Cotidianidades… / Luis Antonio Rincn Garcia

¿Quién no ha sufrido los embates del olvido? Si no es el celular en casa, son las llaves dentro del auto, esa palabra que tienes en la punta de la lengua, llamar a tu hermana el día de su cumpleaños, la fecha en que se vencía el recibo de luz o, incluso, la idea que estabas expresando cuando de pronto fuiste interrumpido.
En todos los casos, el sujeto que ha olvidado hace una mueca como si tuviera un fugaz y doloroso ataque de estreñimiento, mientras escarba entre la memoria tratando de encontrar los caminos de vuelta a los recuerdos precisos.
Más doloroso resulta, sin embargo, cuando eres tú el objeto de ese olvido. Si bien está el caso de aquellos que tienen padres con Alzheimer, nos es más frecuente encontrarnos con antiguos compañeros de escuela que —previo gesto de ataque de estreñimiento— te dicen: «la verdad que no me acuerdo de ti», y más frecuente aún es cuando pides un favor y a cambio recibes un desesperante: «chín, se me olvidó».

Pero hay olvidos más profundos

Hace poco mi esposa y algunos de sus alumnos decidieron organizar una carrera pedestre. Aquel que quisiera inscribirse, debía cooperar con un paquete de pañales de adultos y un kilo de alimentos para los ancianos de asilos públicos acá en Chiapas, a cambio recibiría una playera, brazalete y su número de corredor.
La respuesta de la población fue motivadora. Algunos llegaron a donar por el gusto de hacerlo, otros pagaron al doble su inscripción y hubo quienes durante la carrera lanzaron pañales y alimentos al camión guarda equipaje.
Los organizadores, para estar seguros de que las donaciones llegaran a sus verdaderos destinatarios, pidieron estar presentes en el momento de la entrega a las instituciones correspondientes.
Tengo la impresión de que llegaron para cumplir con una tarea final y obtener pruebas fotográficas de que se había logrado el objetivo, en cambio se encontraron con los gestos y palabras de agradecimiento de los ancianos, con el dolor y la angustia que produce en ellos el olvido total de ese mundo al que de jóvenes pertenecieron, y también se encontraron con la certeza de que los nervios, el desgaste y las noches de desvelo previos a la carrera, muy bien valieron la pena, porque como dijo una señora del asilo, más allá del enorme beneficio que les significaba la donación por sí misma, les halagó sentirse recordados.
Las emociones vividas fueron bastante fuertes y el ambiente dicharachero se volvió silencioso, pues varios de los que llegamos hacíamos un esfuerzo sincero por no llorar.
Con mi esposa decidimos festejar a nuestro modo el éxito de la carrera y compartir lo vivido esa tarde en el asilo, para ello elegimos un café sencillo donde brindaríamos con un capuchino y algún postre.

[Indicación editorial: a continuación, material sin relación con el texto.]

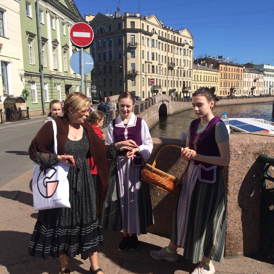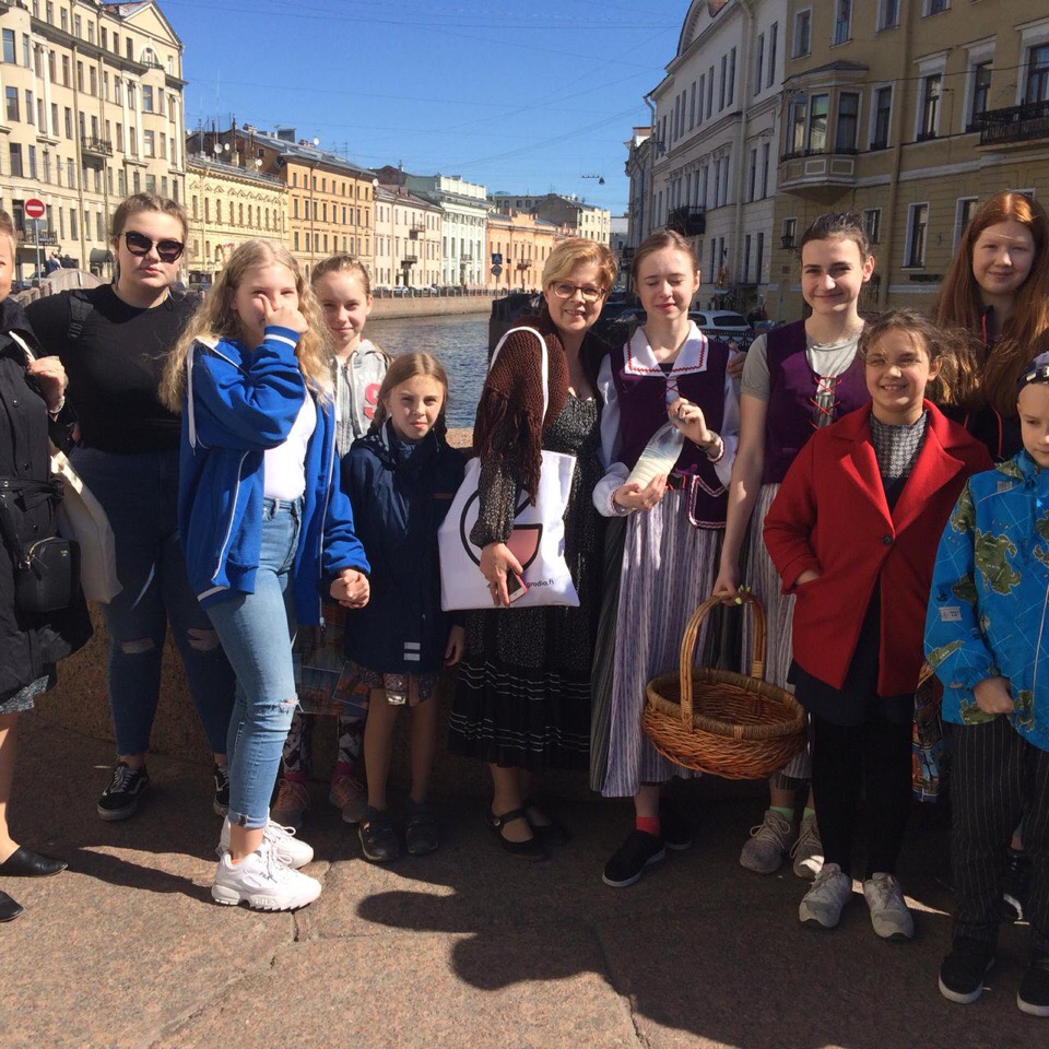 Встречали группу у Церкви Святой Марии наши учащиеся и родители. О.В.Миловидова и челны клуба «Финский Петербург» провели променад по солнечному городу.

Estaba convenciendo a mi hijo para que probara un trozo de pan, cuando dos niños de cara sucia se deslizaron al interior del café. Uno de ellos fue hacia nosotros y, sin dejar de ver el pan, nos ofreció unos muñequitos que vendía.

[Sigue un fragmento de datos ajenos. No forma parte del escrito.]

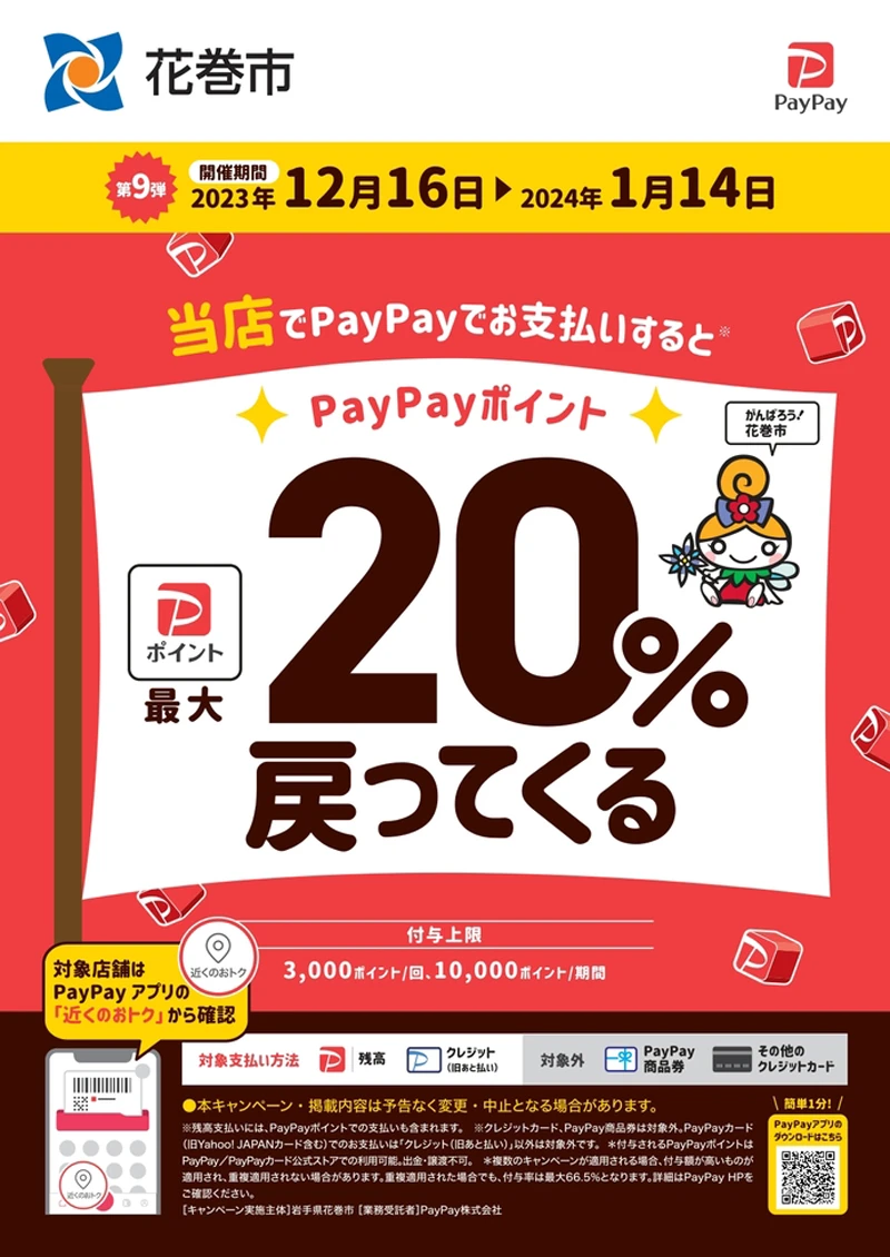【PayPay】12/16よりスタート!第9弾 がんばれ花巻!対象店舗で最大20%戻ってくるキャンペーン♪

Le dije que no le compraría, casi al mismo tiempo pensé en entregarle el pan pero mi reacción fue lenta, o al menos más lenta que la del mesero que llegó a sacarlos. Uno tiene la convicción de que está viviendo una situación injusta y a pesar de que la ha vivido en otras ocasiones, no termina de comprender cómo remediarla. En esos niños también vi los rostros del olvido.
Supongo que el mesero tampoco estaba conforme con su papel, pues en tono de disculpa nos dijo:
—Si les damos de comer, luego vienen muchos más muchachitos y ni cómo darle de comer a tantos.

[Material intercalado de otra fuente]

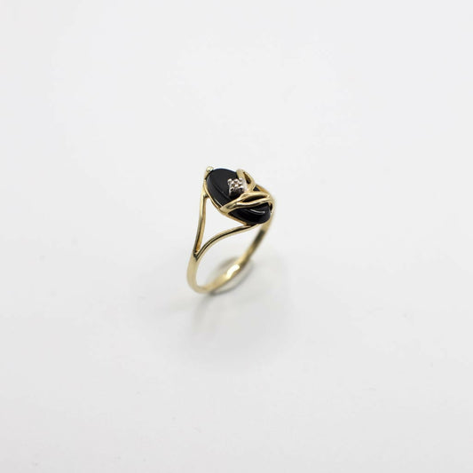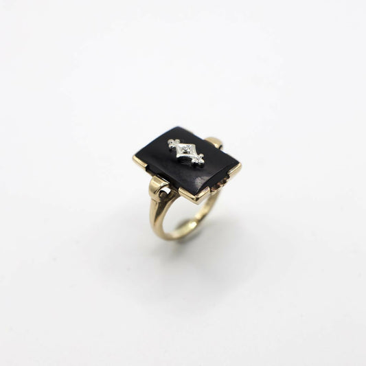 Vintage Genuine Diamond and Onyx Ring In 10K Yellow Gold

Salí a la calle para buscar a esos dos niños y ya no los encontré, en cambio, y como si se estuvieran burlando, en carteles y lonas vi los rostros sonrientes de candidatos políticos ofreciendo de nuevo lo que nunca han cumplido.
Es fácil preguntarse cuantas bandejas de pan se podría comprar con cada espectacular y lona sin sentido que se pagan con nuestros impuestos, pero no se trata sólo de repartir comida (es decir, del asistencialismo barato que reparte despensas de hambre), sino de un compromiso sincero para promover el desarrollo a partir del conocimiento para generar riqueza para todos, del trabajo honesto y de una visión de un futuro que desborde —y por mucho— los timoratos intereses personales.
No encuentro estos atributos en los hombres y mujeres que se están candidateando. La caballada no está flaca, sino famélica. Mi impresión es que de ellos sólo se puede esperar que engrosen un poco el círculo de los nuevos ricos y, al mismo tiempo, amplíen con generosidad el número de olvidados que deambulan por nuestros pueblos y ciudades. Hasta la próxima.